Construction on the highly anticipated AIDS Garden, located in Lincoln Park will be completed in 2022. The space will feature a Gingko tree grove and native plantings curated to create a rich, sensory experience. The 30 foot, “Self Portrait” sculpture designed by the late Keith Haring was installed last summer and anchors the project. The AIDS Garden is the first public space in the City dedicated to those who are living with or have lost their lives to HIV and AIDS.
The 2022 Budget will also allow the District to move forward with other capital investments, including the ongoing construction of the Chicago Park District’s new headquarters in Brighton Park, ecological restoration along the Chicago River and major fieldhouse improvements at Revere, Avondale, Blackhawk, Chopin, West Pullman and Hermosa Parks, which will continue into 2022. Improvements range from roof replacement, masonry and window restorations and a variety of site and access improvements.
The Chicago Park District, like many other agencies, is experiencing the financial aftermath of lost revenue from the pandemic. The District continues to recover from an overall revenue loss of $85 million in 2020 including $13 million in program fees. In order to keep program fees static, the 2022 budget recommendations include a nominal property tax increase, marking just the fifth time in the past 16 years that the Chicago Park District has implemented a property tax increase. The $4.3 million property tax increase will only cost the average homeowner an additional $4 a year.

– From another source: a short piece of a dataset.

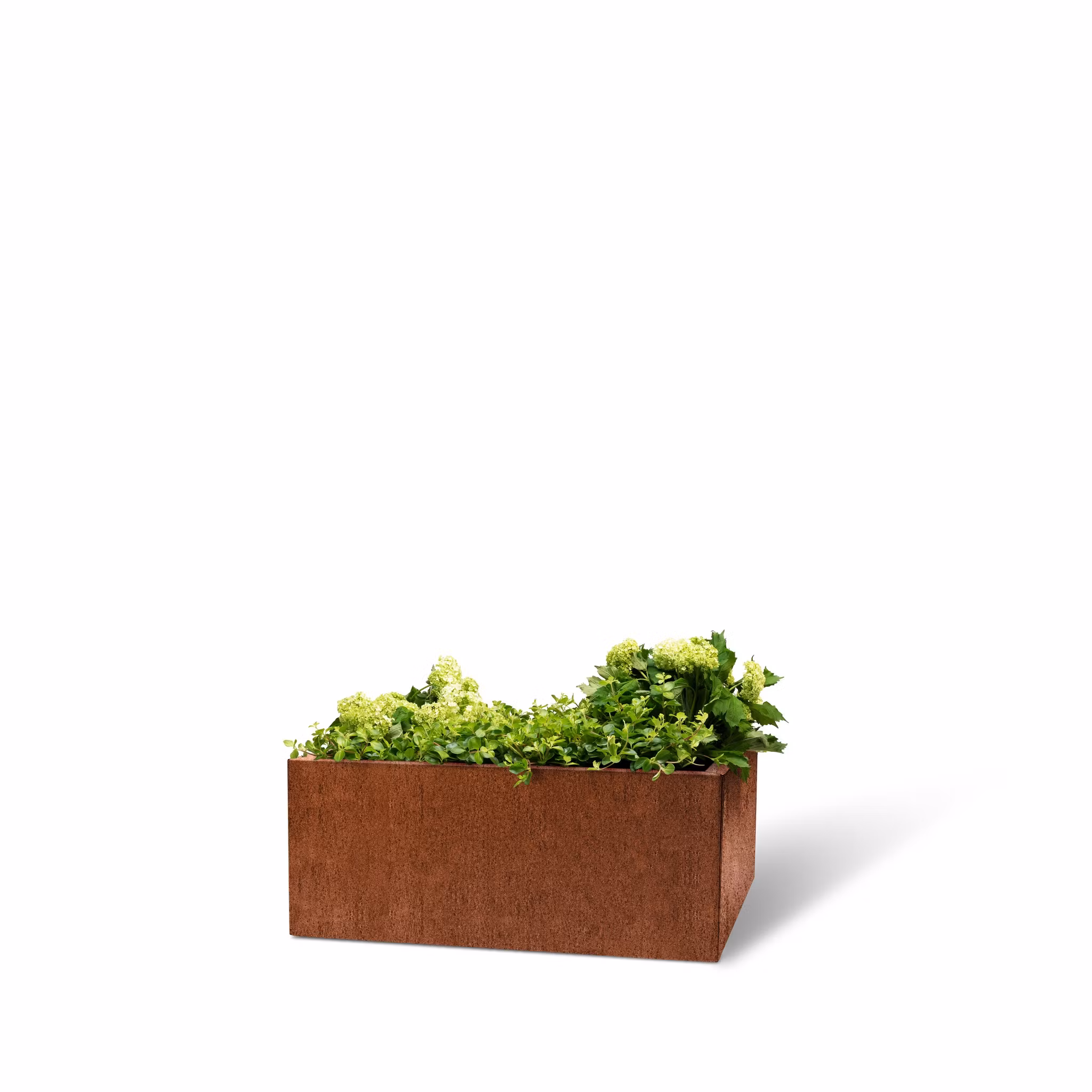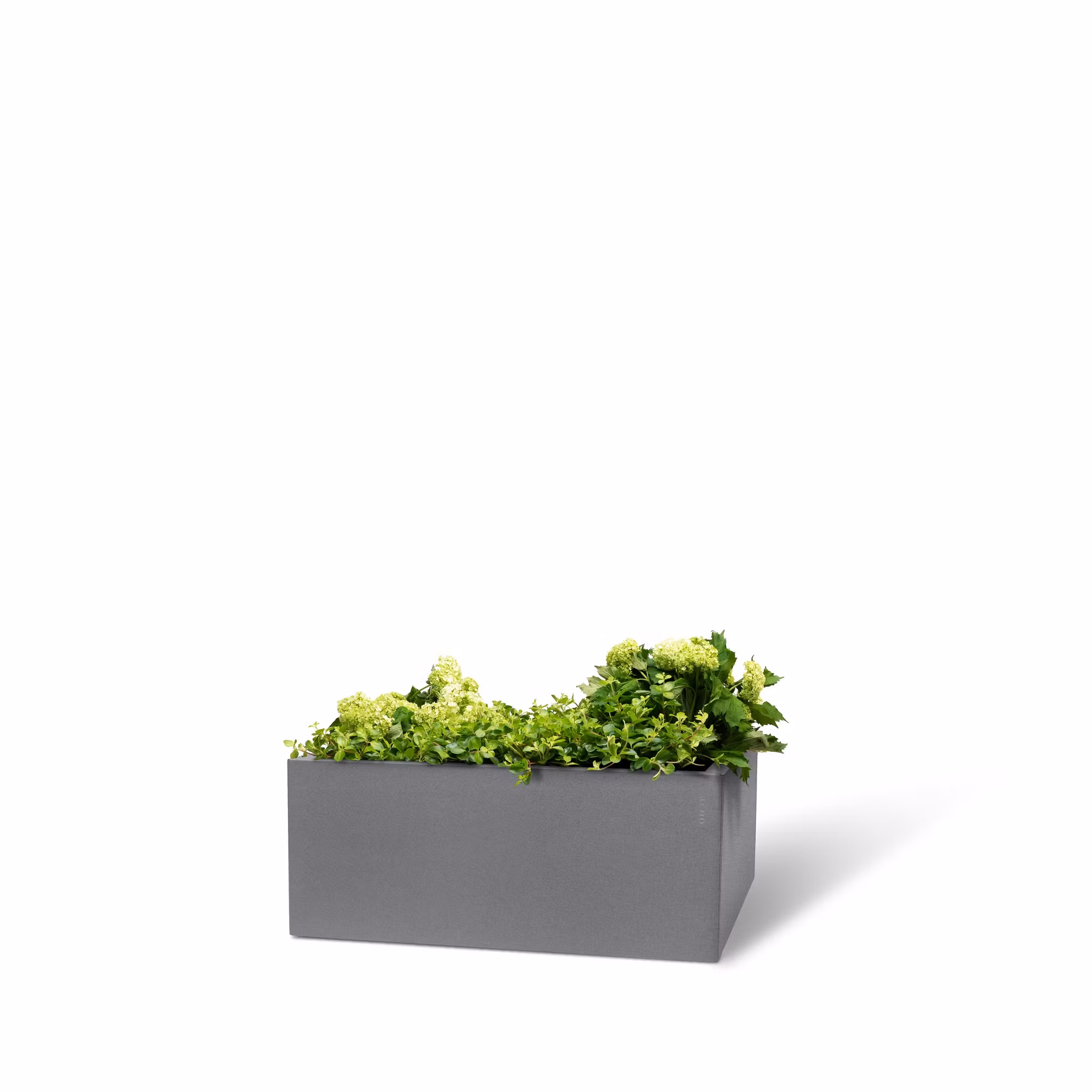 En nett, kvadratisk kasse til blomster, jordbær eller urter.

These funds will help support vital park operations into the future while ensuring the District’s pension reform remains on track. In 2022, the third year of a four-year pension ramp up that was initiated in 2020, the District will allocate a total of $52 million ($8.8 million more than 2021) towards the pension fund. This investment, along with legislation passed by the Illinois General Assembly in May, puts the Park Employees & Retirement Employees Annuity and Benefit Fund on a path to full funding. This legislation created a third tier of employees, gave optional election to Tier 2 employees and most importantly, it guarantees retirement security to all employees and existing retirees.
Other 2022 budget highlights include the District’s collaboration with the Department of Cultural Affairs and Special Events and the Chicago Public Libraries to activate the Culture in My Neighborhood initiative to host arts organizations and provide affordable performance and rehearsal space for neighborhood artists. The District will expand its Chicago Parks Alfresco program on the south and west side to solve geographic gaps and increase economic opportunities for concessions in areas that lack outdoor dining.